Participants were divided into high- and low-fitness groups based on the highest stage achieved during a fitness test. The high-fitness group consisted of three subjects who attained stage B6 or higher (two at B7 and one at B6) and was expanded to include nine subjects who reached B5, resulting in a total of 12 high-fitness subjects. The low-fitness group included seven subjects who reached B2, supplemented by ten subjects who achieved B3, yielding a total of 17 low-fitness subjects. Missing data for subjects who did not reach later stages (e.g., B3 for the low-fitness group or B6/B7 for the high-fitness group) were handled by the mixed effects modeling approach, which is robust to incomplete time points, thus obviating the need for imputation. All analyses, including regression and likelihood ratio tests, were conducted using these stratified groups.

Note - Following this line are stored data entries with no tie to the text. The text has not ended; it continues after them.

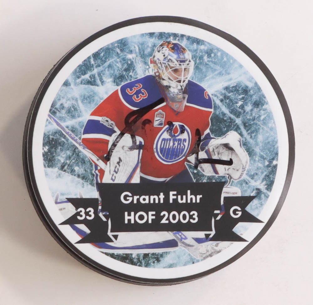 2003 Hall of Fame Logo Hockey Puck. Hand-signed by Grant Fuhr (Edmonton Oilers, HOF). See photos for more details on condition of the signature.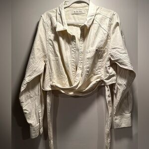 We The Free 2 Way Long Sleeve Wrap Around Ivory Denim Cropped Top Front Pocket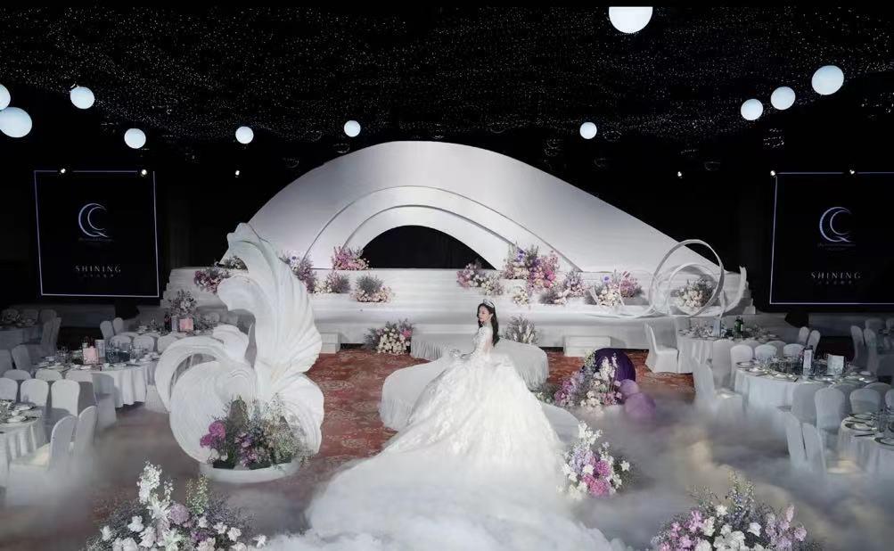 据悉,常怡秋婚礼仪式是在安徽合肥一家豪华酒店举办的,现场摆满了淡雅的鲜花,屋顶上还装饰了不少亮晶晶的小灯,仿佛璀璨又梦幻的星空。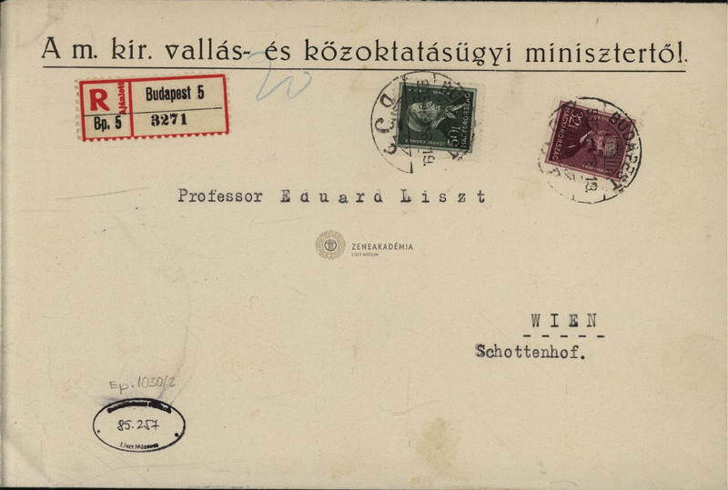Meghívás az 1935. 10. 21-én kezdődő Liszt-év megnyitó ünnepségeire.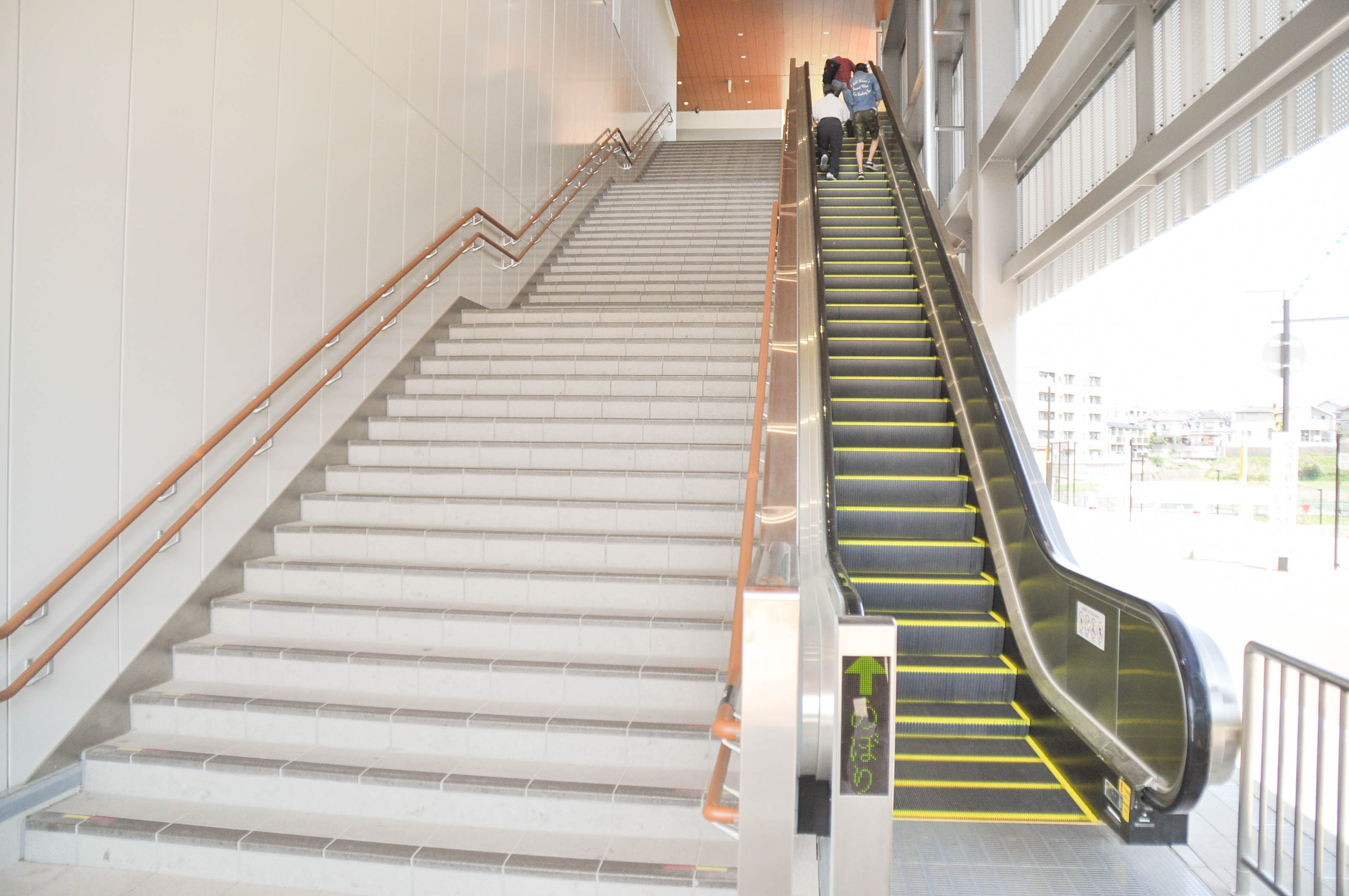 このピカピカのエスカレーターを上がると長尾駅です!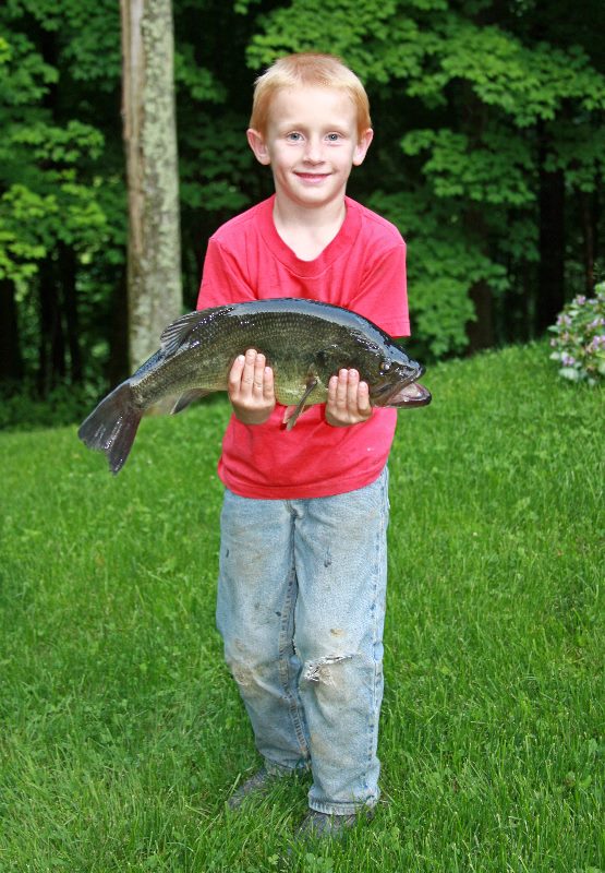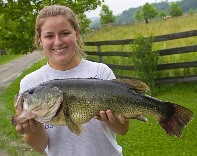 Chris Hunter with a bass captured at Dickinson Cattle Co Saturday morning at 9:30. | Gary Eller with his huge bass caught in the Virginia pond, Dickinson Cattle Co, Barnesville, Ohio. |
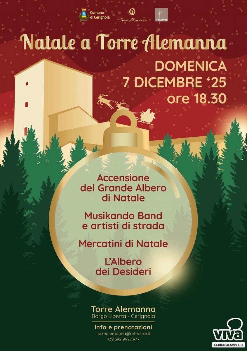 Il 7 dicembre, a partire dalle 18:30, parte il calendario di eventi natalizi presso Torre Alemanna a Borgo Libertà, con la suggestiva accensione del grande albero di Natale.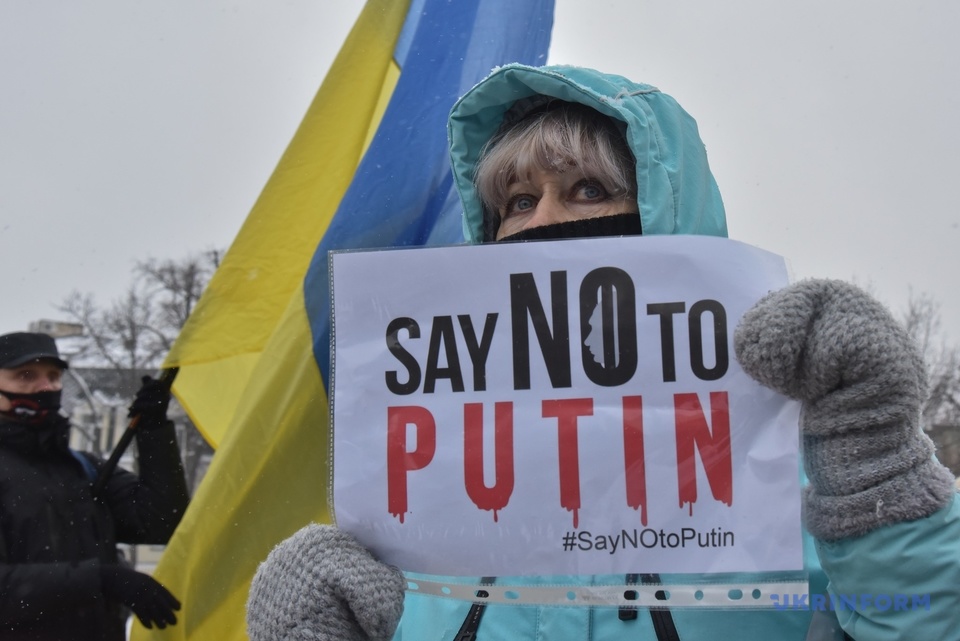 На Михайлівській площі у столиці відбулася акція "Скажи Путіну - ні", її організували напередодні перемовин Заходу з Росією щодо ситуації навколо України.

We plotted all significant metabolites (40 from the peak exercise model and 38 from the recovery model) and visually tracked their dynamics, categorizing them into 4 patterns, regardless of whether the metabolites were significant in one or both models. Specifically, the results of the mixed effect models were group into four longitudinal patterns: “Difference maintained,” for metabolites that were already different between fitness groups and remained similarly different throughout all time points; “Baseline different,” for metabolites with similar blood levels at baseline that converged to similar level over time; “End different,” for metabolites that were similar at baseline but showed progressively increased difference with time; and “Switch,” when baseline levels were different between LF and HF and the expression pattern reversed with time.
Metabolite expression alterations were examined independently for LF and HF groups during two separate stages: the exercise period (roughly 9 min, from B0 to B3) and the recovery phase (1 h, from P1 to P60). The first 9 min of exercise was selected for this comparison as it allowed for the greatest number of participants to be represented. The HF group underwent an additional Exhaustion peak analysis, as these participants reached the 7th incline (B7). Visual representations of all five models, showcasing the top 10 upregulated and top 10 downregulated metabolites, can be found in (Supplementary Figure S1). A comprehensive list of all identified metabolites is provided in Supplementary Data S1, Sheet S1.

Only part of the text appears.